WHAT TO WORK ON: Please write the listing below out again exactly, leaving every picture behind.

EXERCISE DATA:

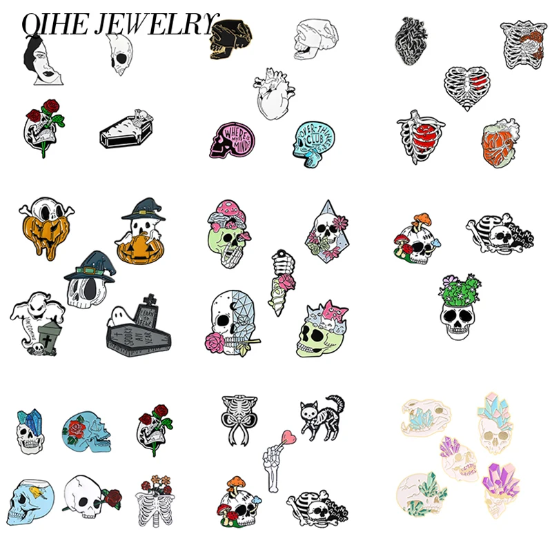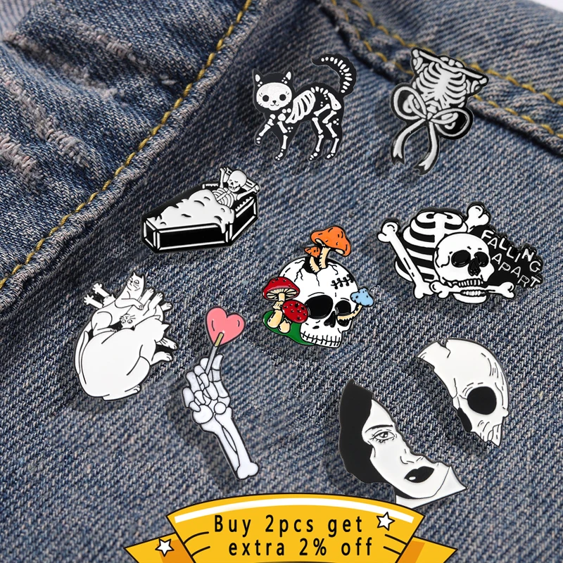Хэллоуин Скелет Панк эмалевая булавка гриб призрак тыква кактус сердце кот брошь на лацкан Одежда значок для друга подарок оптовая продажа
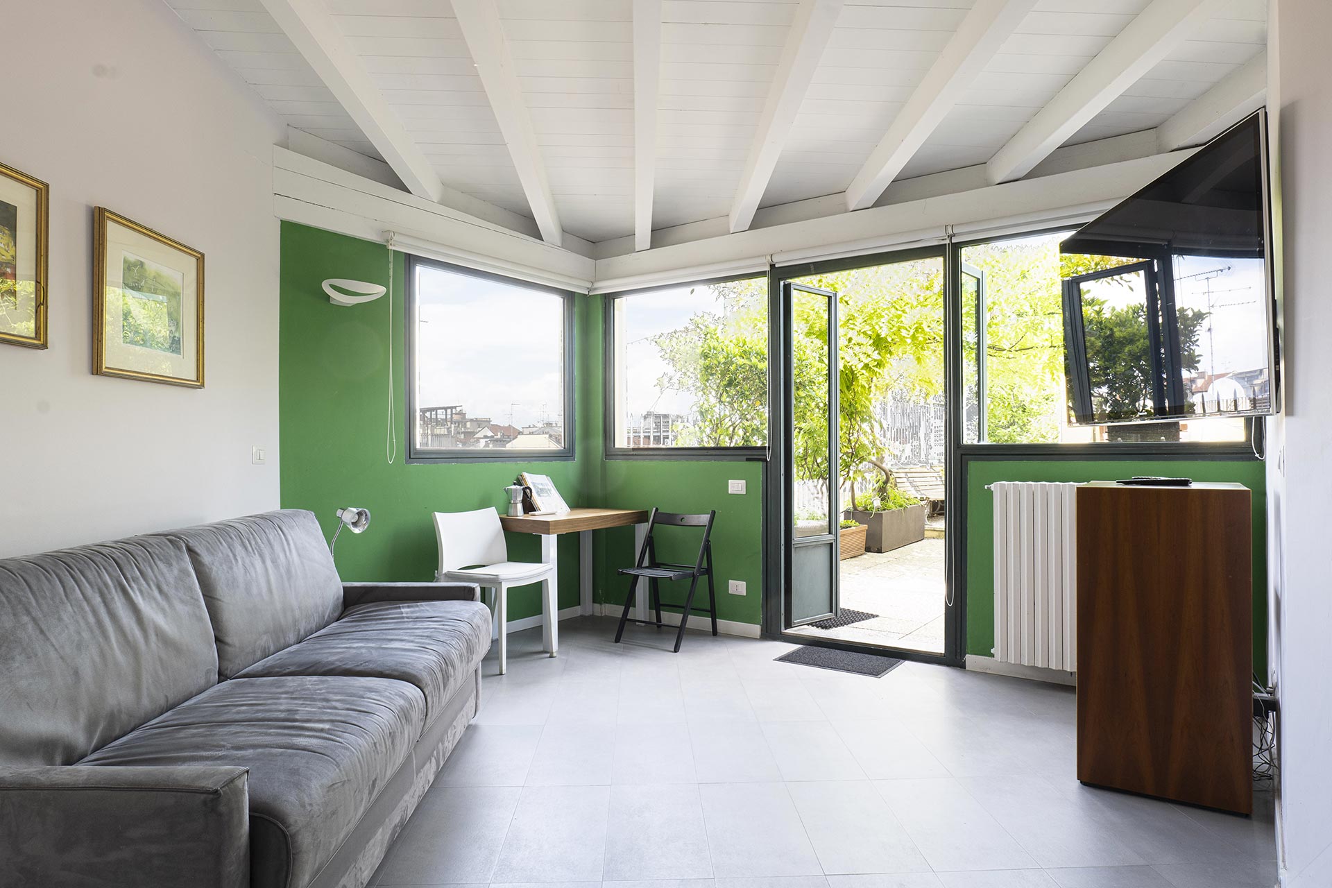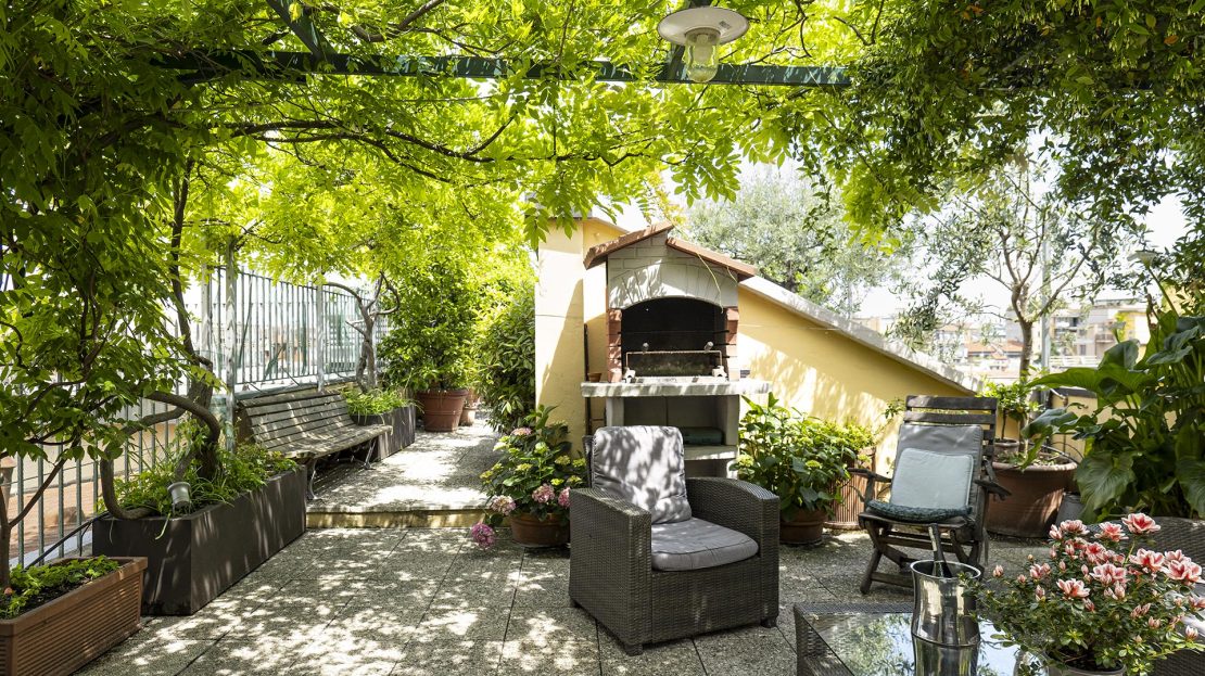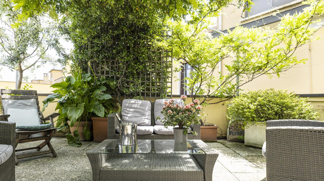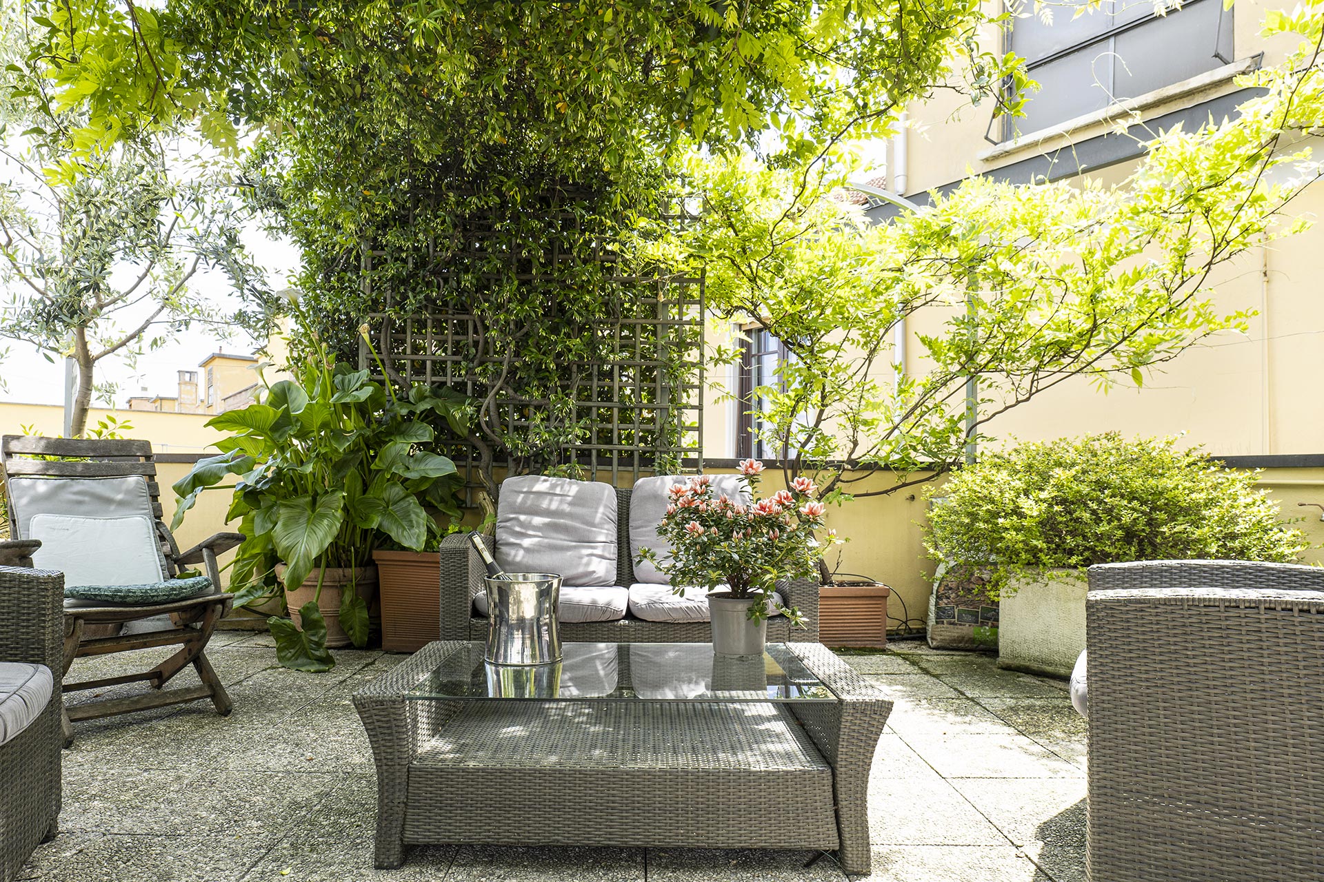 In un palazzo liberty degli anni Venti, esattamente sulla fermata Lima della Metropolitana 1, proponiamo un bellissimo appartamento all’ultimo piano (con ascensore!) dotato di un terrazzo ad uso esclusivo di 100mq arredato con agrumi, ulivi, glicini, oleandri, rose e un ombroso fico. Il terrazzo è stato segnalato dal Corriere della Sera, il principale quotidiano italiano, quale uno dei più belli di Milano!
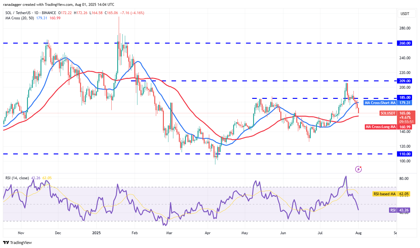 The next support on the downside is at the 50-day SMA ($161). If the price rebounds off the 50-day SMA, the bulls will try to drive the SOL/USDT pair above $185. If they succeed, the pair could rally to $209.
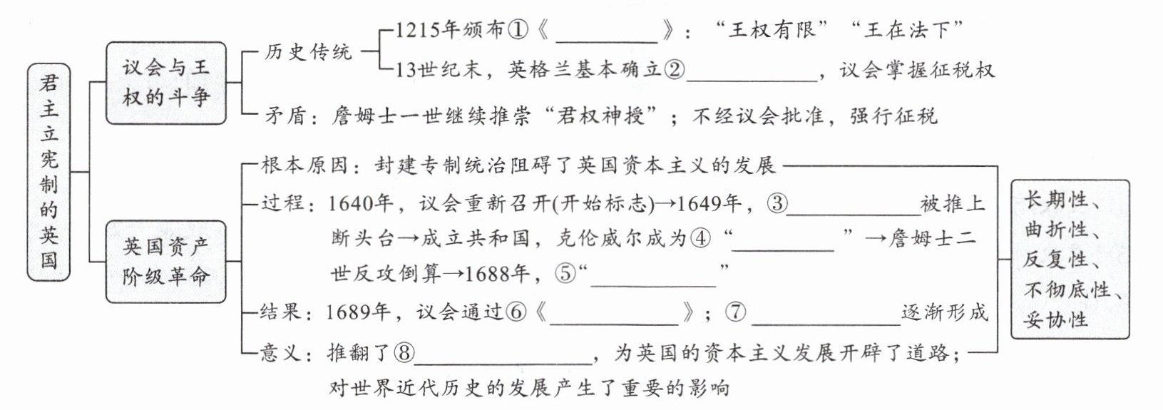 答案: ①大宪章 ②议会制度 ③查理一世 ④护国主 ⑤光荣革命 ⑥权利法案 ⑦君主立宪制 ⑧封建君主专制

RESPONSE TO THE EXERCISE:
Хэллоуин Скелет Панк эмалевая булавка гриб призрак тыква кактус сердце кот брошь на лацкан Одежда значок для друга подарок оптовая продажа
 In un palazzo liberty degli anni Venti, esattamente sulla fermata Lima della Metropolitana 1, proponiamo un bellissimo appartamento all’ultimo piano (con ascensore!) dotato di un terrazzo ad uso esclusivo di 100mq arredato con agrumi, ulivi, glicini, oleandri, rose e un ombroso fico. Il terrazzo è stato segnalato dal Corriere della Sera, il principale quotidiano italiano, quale uno dei più belli di Milano!
 The next support on the downside is at the 50-day SMA ($161). If the price rebounds off the 50-day SMA, the bulls will try to drive the SOL/USDT pair above $185. If they succeed, the pair could rally to $209.
 答案: ①大宪章 ②议会制度 ③查理一世 ④护国主 ⑤光荣革命 ⑥权利法案 ⑦君主立宪制 ⑧封建君主专制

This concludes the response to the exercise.